### Given data:
◇ ◇ ◇ ◇ ◇

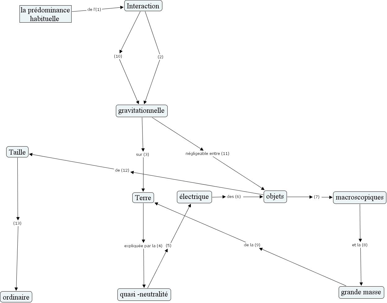 grande masse de la (9) Terre, objets de (12) Taille, gravitationnelle n�gligeable entre (11) objets, Taille (13) ordinaire, objets (7) macroscopiques, quasi -neutralit� (5) �lectrique, macroscopiques et la (8) grande masse, gravitationnelle sur (3) Terre, la pr�dominance habituelle de l'(1) Interaction, Interaction (2) gravitationnelle, Interaction (10) gravitationnelle, Terre expliqu�e par la (4) quasi -neutralit�, �lectrique des (6) objets
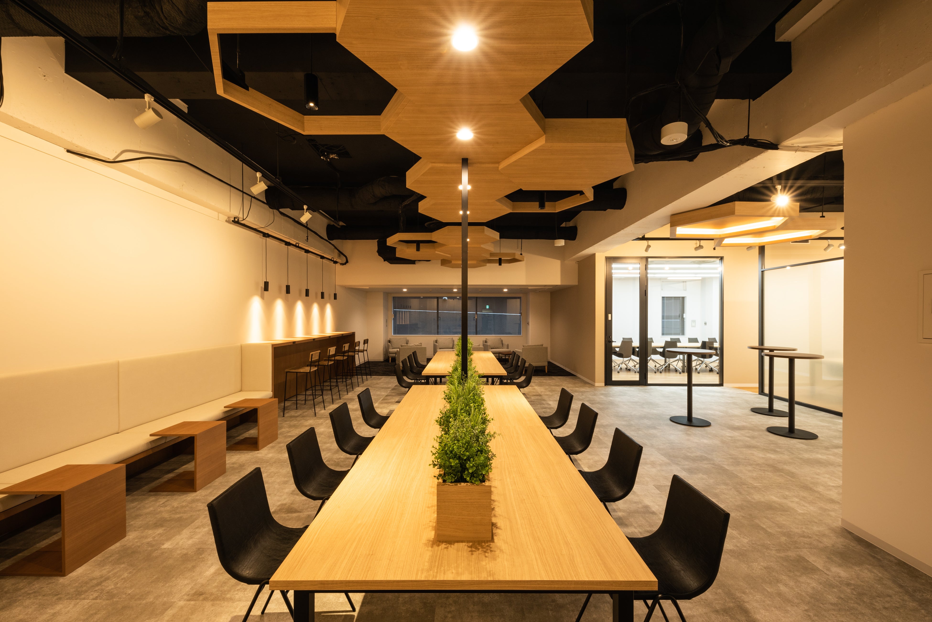 1Fに共用ラウンジや貸会議室を設け、快適に働ける環境を提供します。
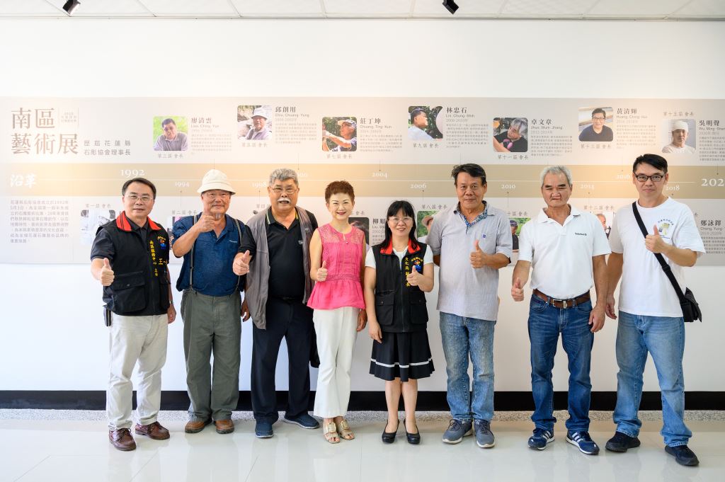 「2020花蓮國際石雕藝術季」將於今(109)年10月24日至11月22日於文化局園區盛大登場,除舉辦特展及戶外創作營之外,為服務南區民眾,縣政府自2014年起與玉里鎮公所合作,每屆將展覽活動延伸至玉里,獲得民眾熱烈迴響。今年「南區藝術展」於9月18日上午在璞石藝術館正式開幕,蒞臨貴賓包括花蓮縣政府南區服務中心主任王ㄧ仲、花蓮縣文化局副局長曾之妤、黃玲蘭議員、副議長潘月霞服務處主任蔡健祿、玉里鎮公所秘書鄧坤明、源城國小校長孫秉棚、花蓮縣文化局前局長陳淑美、花蓮縣石彫協會歷任會長林樹德、廖清雲、邱創用、黃河、馮朝宗及現任理事長吳明聲,以及璞石藝術創辦人邱創用、璞石藝術家林美佐、花蓮縣玉里璞石藝術發展協會會長邱玉金及會員們,同時花蓮縣文化志工隊也特別包車南下熱烈參與。

◇ ◇ ◇ ◇ ◇

### Exercise goal:
The whole listing above, line by line, needs to be copied exactly, except for any images.

### Written answer:
 grande masse de la (9) Terre, objets de (12) Taille, gravitationnelle n�gligeable entre (11) objets, Taille (13) ordinaire, objets (7) macroscopiques, quasi -neutralit� (5) �lectrique, macroscopiques et la (8) grande masse, gravitationnelle sur (3) Terre, la pr�dominance habituelle de l'(1) Interaction, Interaction (2) gravitationnelle, Interaction (10) gravitationnelle, Terre expliqu�e par la (4) quasi -neutralit�, �lectrique des (6) objets
 1Fに共用ラウンジや貸会議室を設け、快適に働ける環境を提供します。
 「2020花蓮國際石雕藝術季」將於今(109)年10月24日至11月22日於文化局園區盛大登場,除舉辦特展及戶外創作營之外,為服務南區民眾,縣政府自2014年起與玉里鎮公所合作,每屆將展覽活動延伸至玉里,獲得民眾熱烈迴響。今年「南區藝術展」於9月18日上午在璞石藝術館正式開幕,蒞臨貴賓包括花蓮縣政府南區服務中心主任王ㄧ仲、花蓮縣文化局副局長曾之妤、黃玲蘭議員、副議長潘月霞服務處主任蔡健祿、玉里鎮公所秘書鄧坤明、源城國小校長孫秉棚、花蓮縣文化局前局長陳淑美、花蓮縣石彫協會歷任會長林樹德、廖清雲、邱創用、黃河、馮朝宗及現任理事長吳明聲,以及璞石藝術創辦人邱創用、璞石藝術家林美佐、花蓮縣玉里璞石藝術發展協會會長邱玉金及會員們,同時花蓮縣文化志工隊也特別包車南下熱烈參與。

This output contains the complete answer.